Transanal Completion Proctectomy Using Tem: Initial Patient Experience in Hybrid NOTES Procedure

Michelle K Savu, MD, Alicia Logue, MD, Joseph Love, MD. University of Texas Health Science Center /South Texas VA Heathcare System San Antonio

Abstract:
Objective: Transluminal surgery offers advantages to the patient by decreasing the morbidity of abdominal incisions. The rectum naturally lends itself to a NOTES procedure as the anus is a readily accessible orifice. The purpose of this study was to develop a transanal technique for excision of the rectum. We report our experimental work in sheep study followed by our initial clinical experience in a patient who underwent a hybrid NOTES combined procedure using the TEM (Wolf Medical InstrumentsR) device for a transanal completion proctectomy combined with a conventional sigmoid resection technique.
Methods: In an acute experimental model in four 50 ± 4 kg sheep, the TEM device was introduced transanally, transcolonic access to the mesorectum and further to the peritoneum was achieved and a circumferential dissection of the rectum was performed. The colorectal specimen was removed via the anus and transected and the specimens were immediately. (No anastomosis was attempted.) In the clinical experience, the patient was a 34 year old paraplegic male with a previous end colostomy and a long terminal Hartman’s pouch in need of a completion proctocolectomy for reconstructive surgery muscle flaps for chronic bilateral hip osteomyelitis and decubiti.
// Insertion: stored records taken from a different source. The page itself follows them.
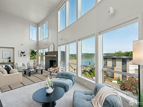 Immaculate contemporary sitting above Juanita Bay w/spectacular views of Mt Rainier, Bellevue skyline, & Lake WA! Built in 1997, this newly updated 3,290 SF, 4 BD, 2.5 BA home feat 2 story living room w/walls of glass framing lake & mtn views. Chef’s kitchen w/new quartz counters, walk-in pantry & wet bar. Elegant dining room flows out onto view deck. Primary BD w/private view balcony, walk-in closet & 5-piece BA. Lower level feat bonus room/gym, 2nd pantry & 2-car garage. Lush professionally landscaped backyard w/deck & built-in seating areas. Updates include new carpet, interior & exterior paint & new BAs. Access to private beach. Just steps from Juanita Village, 5 mins to downtown Kirkland & I-405. Don’t miss this incredible opportunity!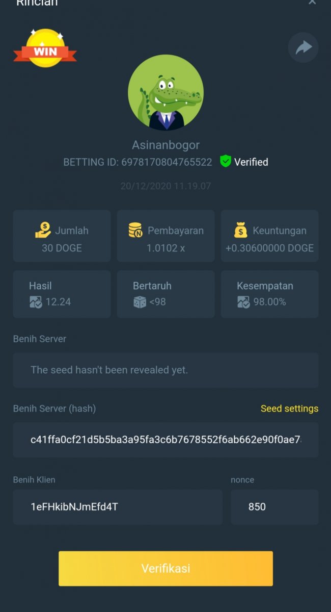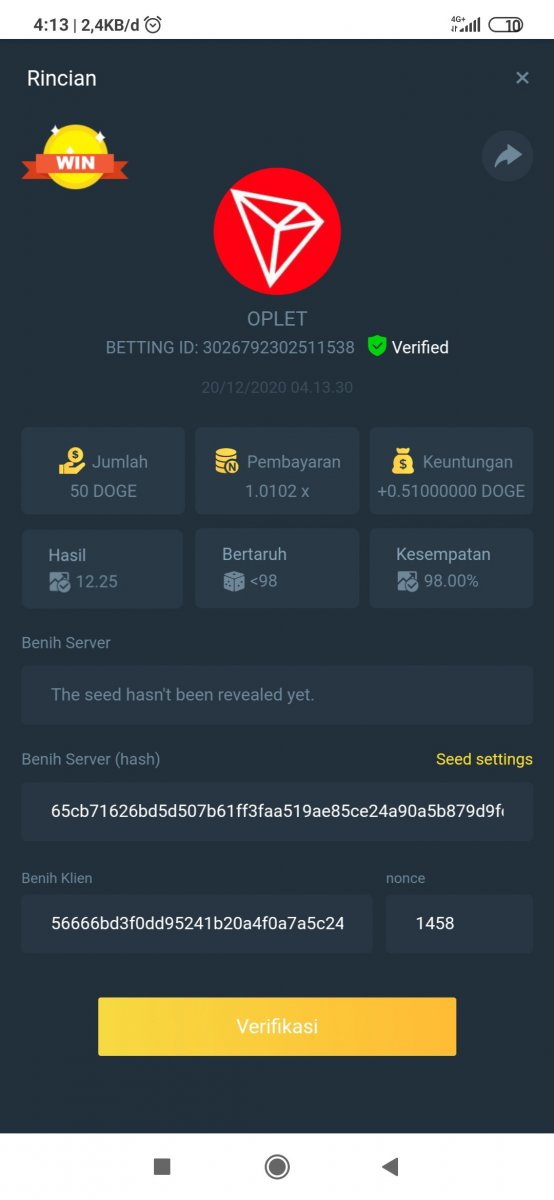 Reyz23 Posted December 20, 2020 Share Posted December 20, 2020 username : Reyz22 1. roll: 12.23 || bet id: 732592571689274 2. roll: 12.23 || bet id: 6940383682500527 3. roll: 12.23 || bet id: 7011495456014797 4. roll: 12.23 || bet id: 7011495456023300 ============================================================= 1. roll: 12.24 || bet id: 6940383682495202 2. roll: 12.24 || bet id: 6940383682495202 =========================================================== roll: 12.25 || bet id: 6940383682496370 Link to comment Share on other sites More sharing options...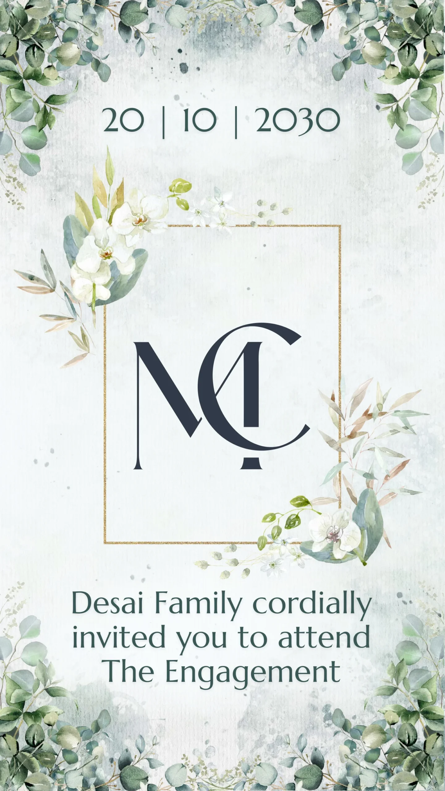 This elegant engagement invitation card features a soft botanical theme with delicate greenery and white floral accents, perfectly blending modern sophistication with timeless charm. The design showcases a minimalist background in subtle watercolor textures, highlighted by a stylish golden frame that adds a touch of luxury.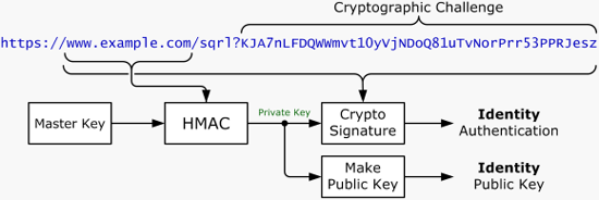 Несмотря на простоту, такой способ аутентификации гораздо безопаснее, чем обычный ввод имени пользователя и пароля, потому что по каналам связи передается не пароль, а хэш, сгенерированный на основе пароля пользователя (master key) и уникального одноразового кода, полученного из QR (одноразовый код добавляется в URL). Мобильное приложение SQRL генерирует хэш и отправляет его на сервер для аутентификации.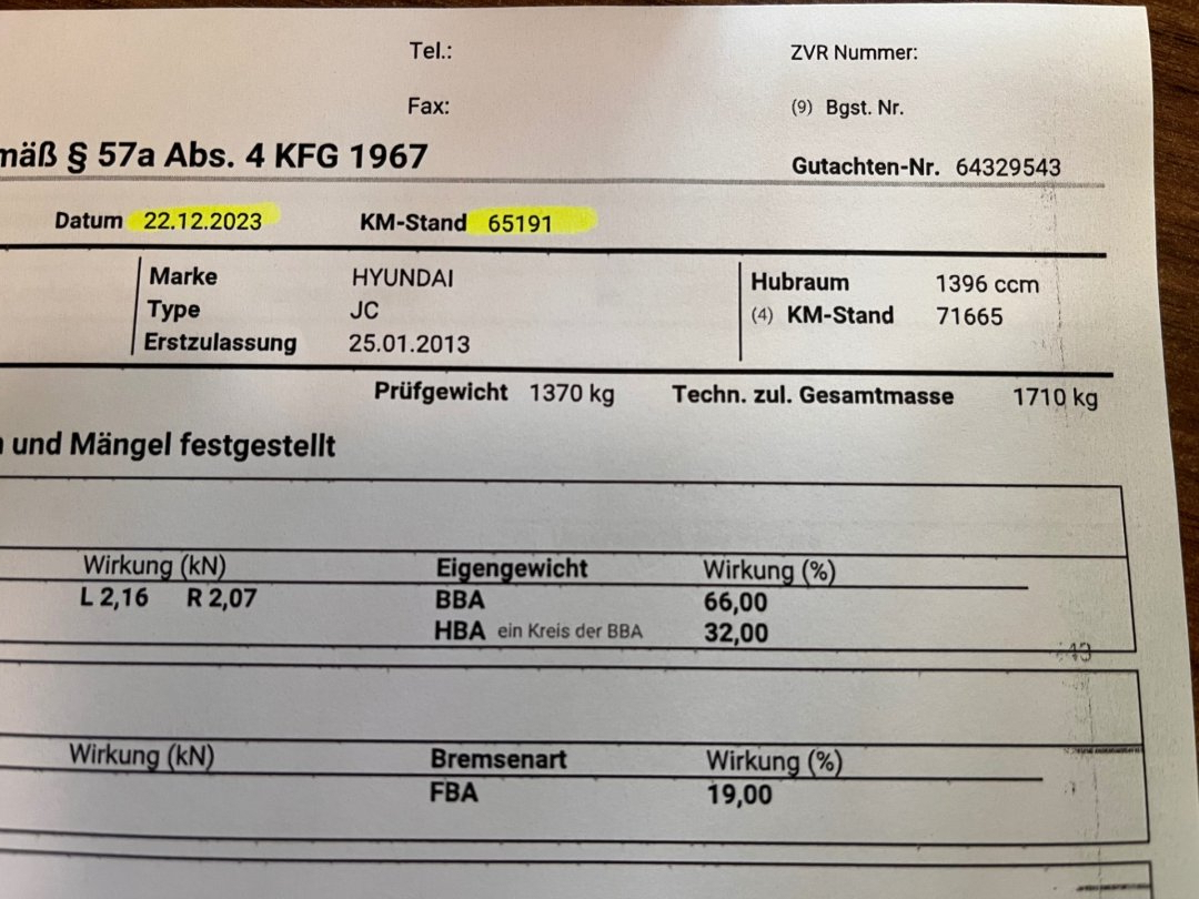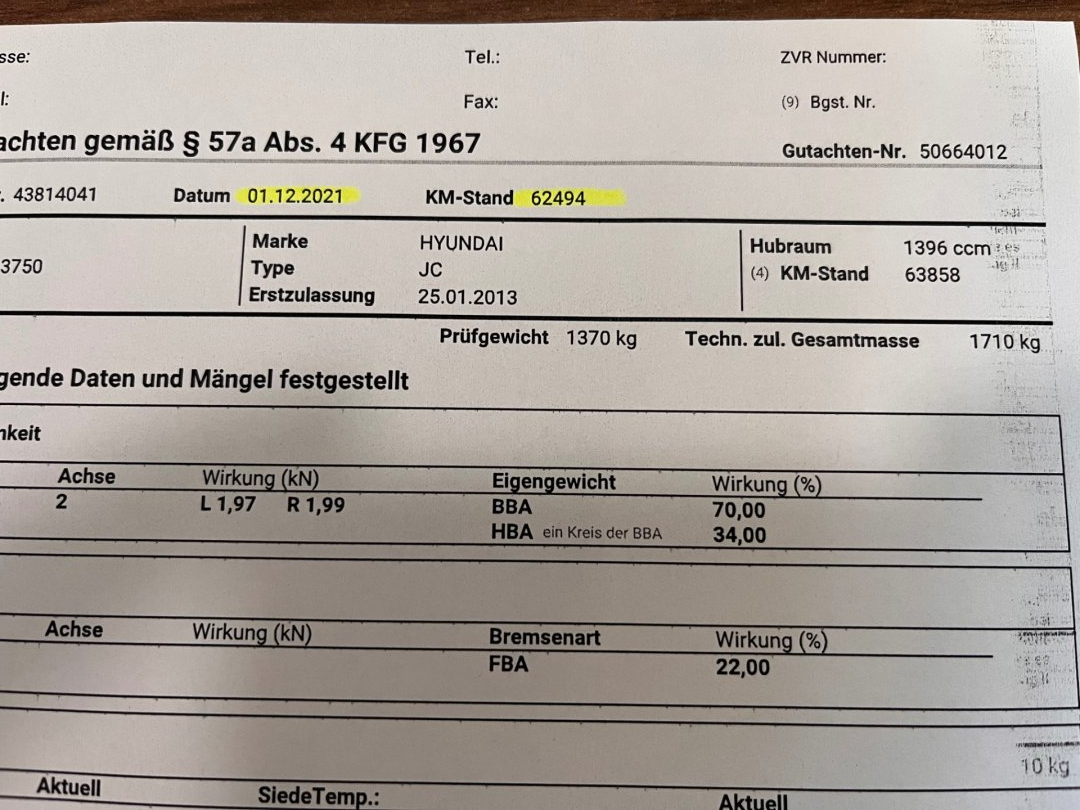 Parametry vozidla
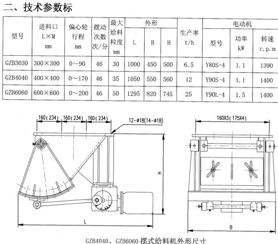 GZB型擺式給料機(jī)(槽式給料機(jī)或者往復(fù)式給料機(jī))由殼體、弧板、鄂板、驅(qū)動(dòng)裝置、閘板等組成,當(dāng)電機(jī)開(kāi)動(dòng)后經(jīng)減速機(jī)、曲柄連桿機(jī)構(gòu)拖運(yùn)弧板作圓弧往復(fù)運(yùn)動(dòng), 煤均勻地卸到其它設(shè)備上。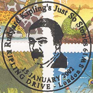 Лондон, проезд Киплинга, SW19. Первый день серии марок «100 лет публикации «Сказок» Киплинга». Портрет Киплинга.
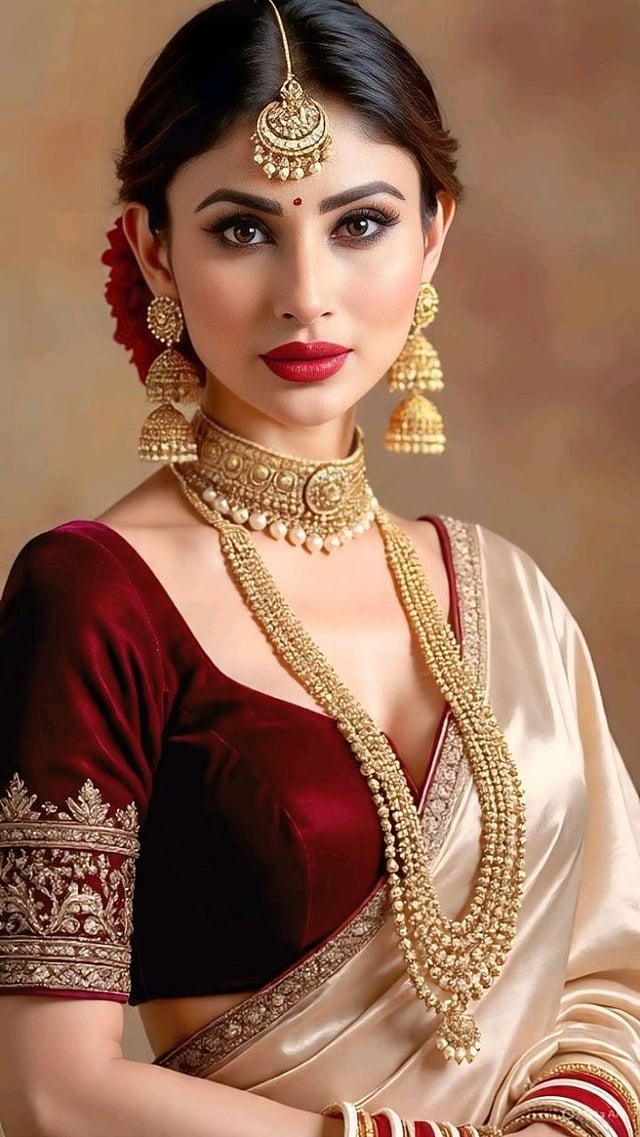 गडद वाईन, नेव्ही ब्लू किंवा एमराल्ड ग्रीन रंगाच्या वेलवेट साडी तुम्ही निवडू शकता यामध्ये लूक उठून दिसतो.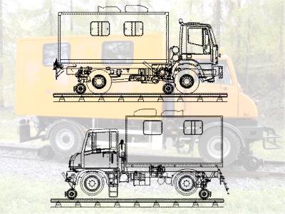 Bench for 4 persons separated from the rerailing equipment box by means of a firm barrier is located in the front part of the body superstructure. Communication with driver is assured by means of intercom or the slide window of the driver's cab.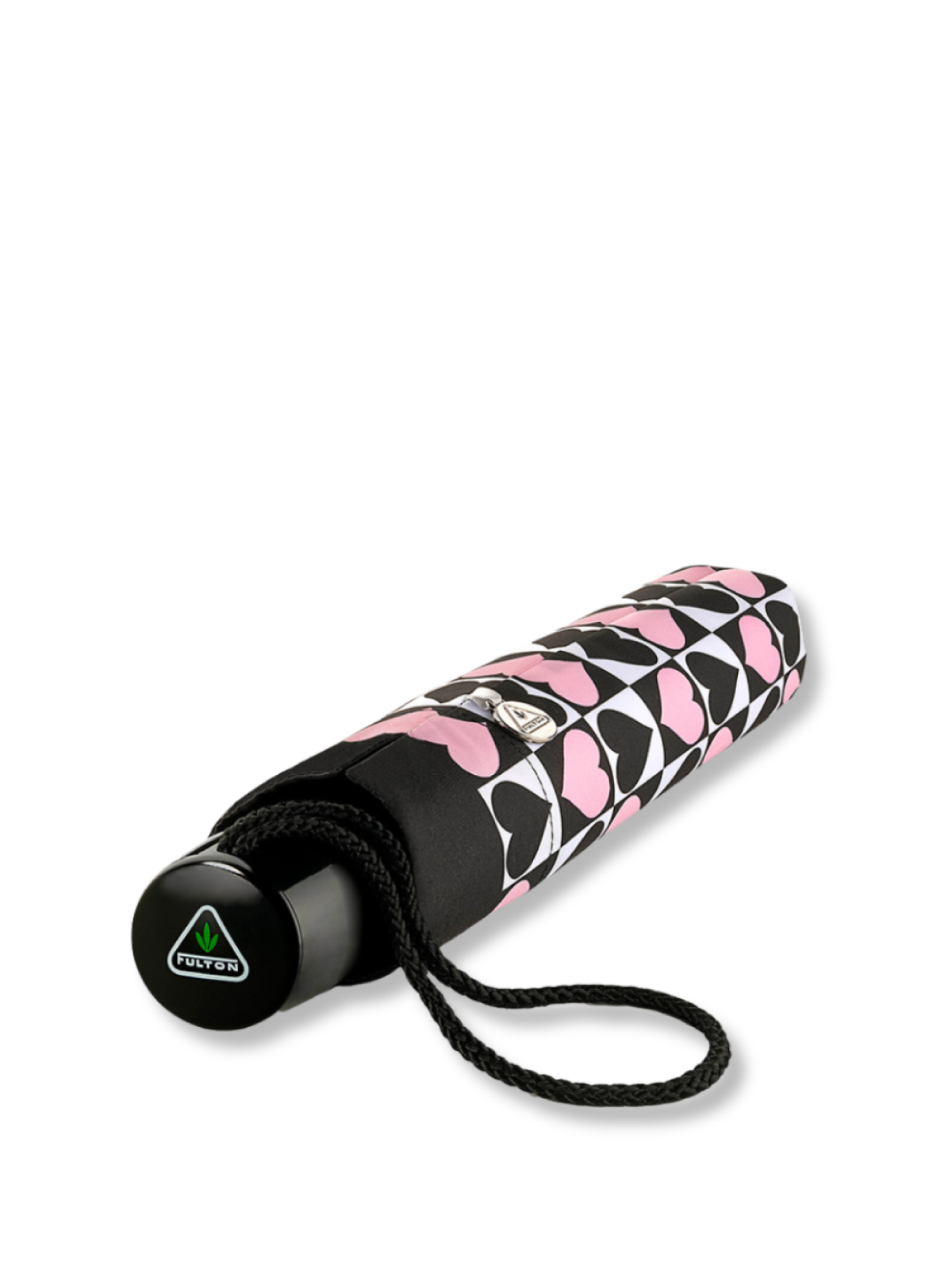 Женский зонт Fulton L354 Minilite-2 Harlequin Heart (Сердце Арлекина) — это легкий и компактный аксессуар, декорированный черно-белыми и розовыми сердцами на белом куполе. Купол выполнен из высококачественного полиэстера, который быстро сохнет и не теряет цвета. Зонт оснащен запатентованным защитным бегунком, предотвращающим травмы. Каркас из алюминия в сочетании с фиберглассовыми спицами обеспечивает легкость и ветроустойчивость этой модели, а также делает ее устойчивой к ржавчине. Надежная механическая конструкция и удобная каучуковая ручка гарантируют комфортное использование. Этот стильный зонт прекрасно дополнит любой наряд и станет надежным защитником от непогоды. Большой купол диаметром 96 см полностью укрывает голову и плечи, обеспечивая отличную защиту. При этом его вес составляет всего 238 граммов, что делает его невероятно легким. Открытие и закрытие осуществляется вручную: просто потяните бегунок вверх для открытия, а для закрытия нажмите на фиксатор на стержне и аккуратно потяните бегунок вниз к ручке.

Results: The proctocolectomy was successfully completely performed via the TEM in all sheep with a mean operating time of 72 minutes (range: 45-130 min). The extracted specimens averaged 40 cm in length. In the patient, the rectum was dissected circumferentially using the TEM to the peritoneal reflection (without attempt to proceed farther). Operating time was 3 hours 40 minutes. There were no complications of bleeding or bowel wall injury. The remaining redundant sigmoid was resected by standard conventional technique. Postoperatively the patient developed a superficial perineal wound infection.
Conclusions/Expectations: Use of the TEM device for circumferential resection of the rectum is feasible and safe in both the experimental and clinical settings. The use of the TEM during dissection of the rectum offers the advantages of direct visualization, monitored rectal and peritoneal insufflation pressures and the ability of using current laparoscopic instrumentation. Future applications include development of a complete NOTES technique using the TEM for proctocolectomy for both benign and oncologic indications.